Credibility by praising PM?
In the democratic zone of Western Europe and North America, it is hard to think of Opposition leaders cheering on the government.
Three high-profile Congress leaders, though none with a political following — Jairam Ramesh, Abhishek “Manu” Singhvi and Shashi Tharoor — have recently suggested that Prime Minister Narendra Modi should not only be criticised but also sometimes be praised (for good deeds) in order for the Congress to carry credibility.
There are two underlying assumptions here — that the Congress no longer has credibility, and that the way to win this back is by backing Mr Modi rather than by the party laying out its own credo and, above all, living by it. The last, especially, seems a thought from a bygone era that clearly seems silly to the highly educated, upper crust individuals in the Congress. But surprisingly Mr Tharoor did not live by his own recommendation when his strong BJP contender was snapping at his heels in the recent Lok Sabha polls in Thiruvananthapuram.

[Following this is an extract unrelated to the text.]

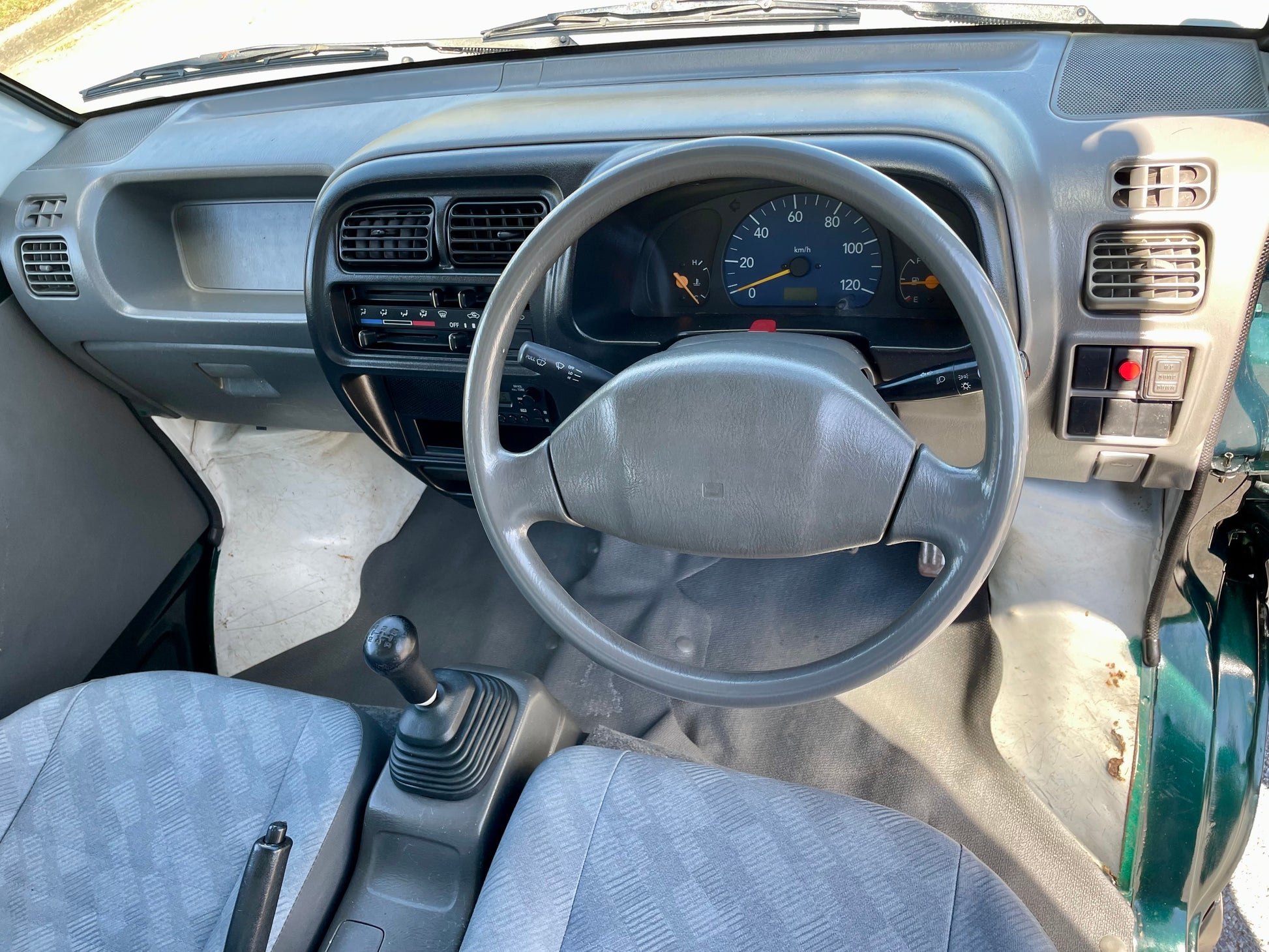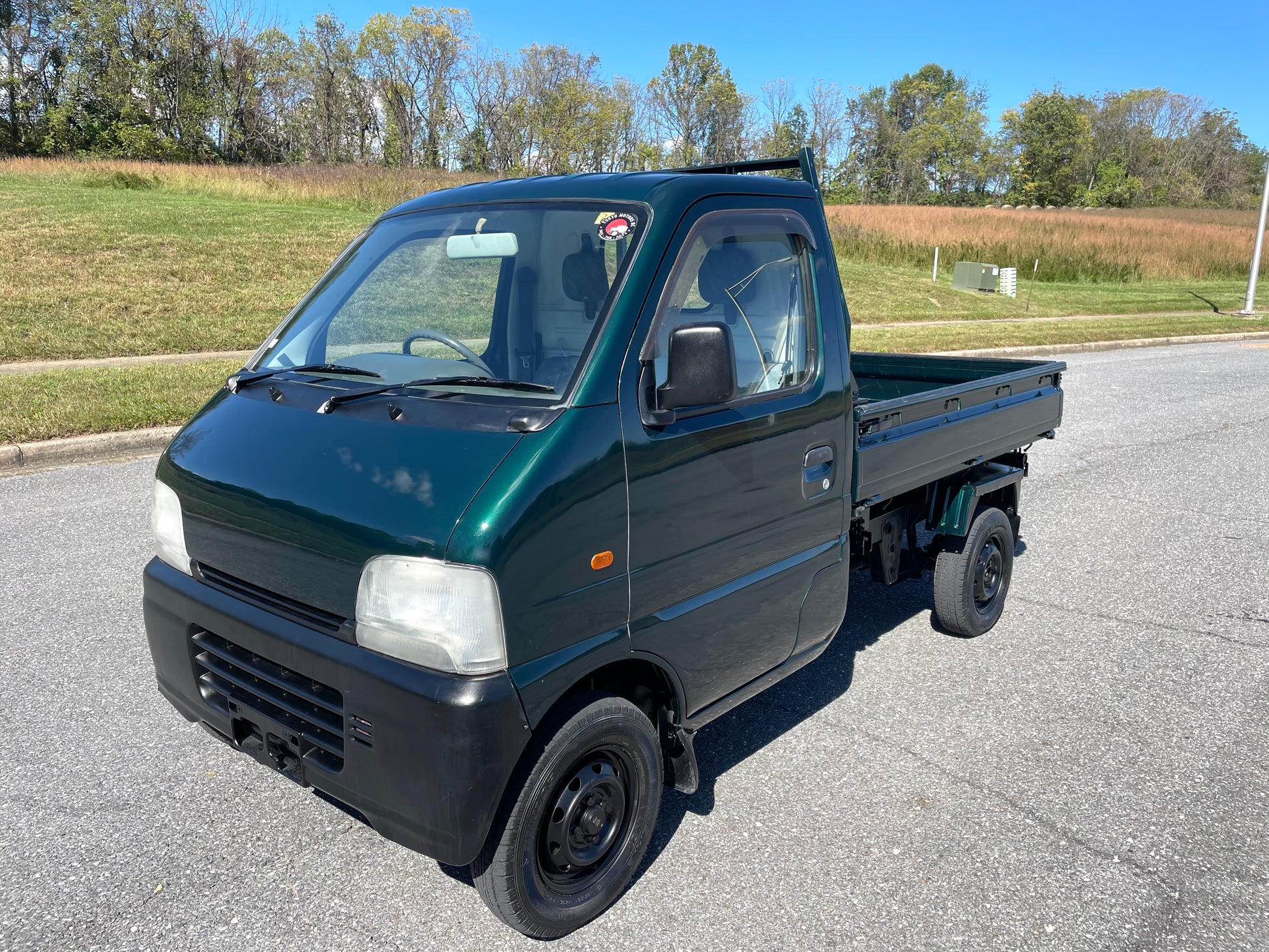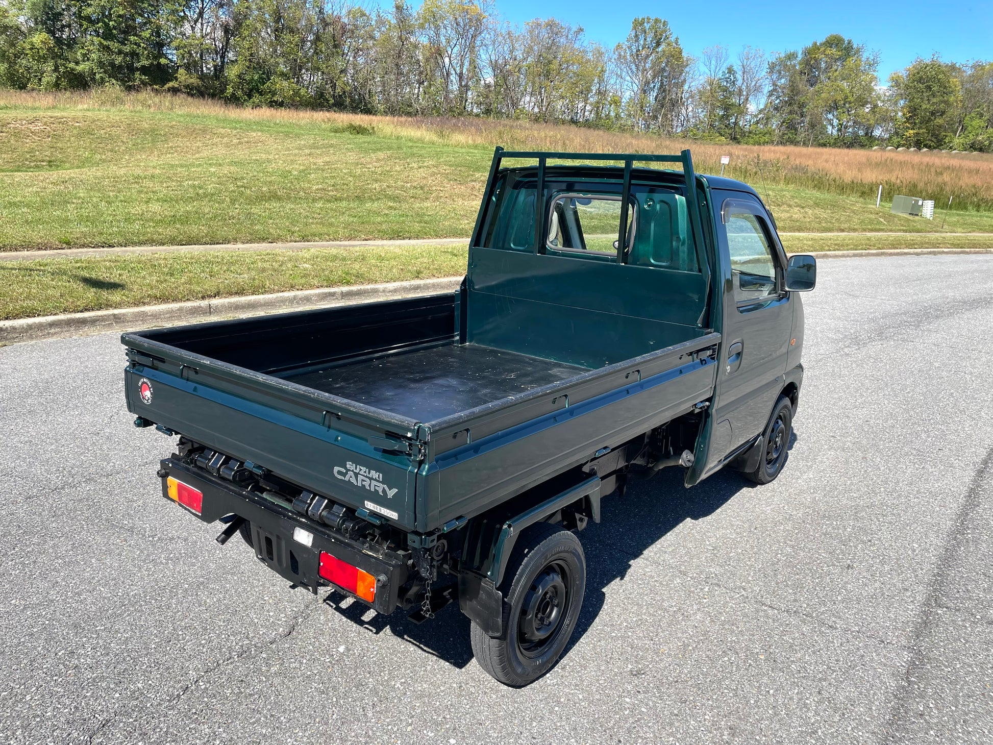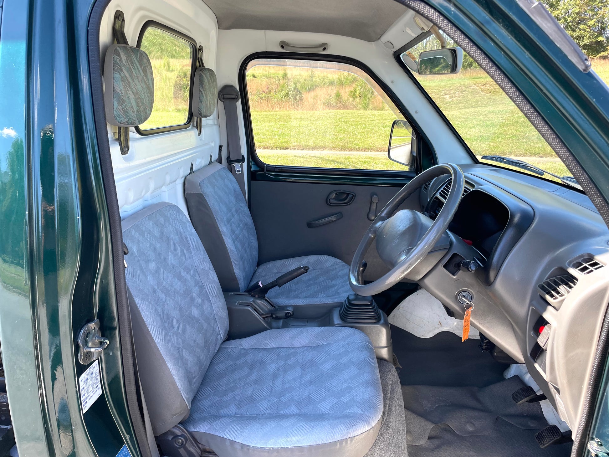 1999 SUZUKI CARRY GD-DB52T—— 46,760 Miles, “F6A” Engine, 660CC Inline-Three, ELECTRONIC FUEL INJECTED, Gasoline, 5-Speed Manual Transmission, Dual Range Transfer Case, Selectable 4WD, CUSTOM BRITISH RACING GREEN PAINT-JOB, DUMP BED WITH THE DROP-SIDES, SCISSOR LIFT With 350kg Load Capacity, Heat & Fan.

If there is any traction in any of this, Mr Ramesh, who started the praise-Modi campaign with the remark that Mr Modi was “not all negative”, might again think to give the lead by cataloguing the PM’s positive actions that cry out for endorsement. In the democratic zone of Western Europe and North America, it is hard to think of Opposition leaders cheering on the government. Britain’s Tony Blair is an outlier, but he ended up splitting Labour to become PM, and now there is nothing left of him or his party. The “case-by-case” approach now being propagated belongs to the bureaucratic milieu, not the political or ideological arena.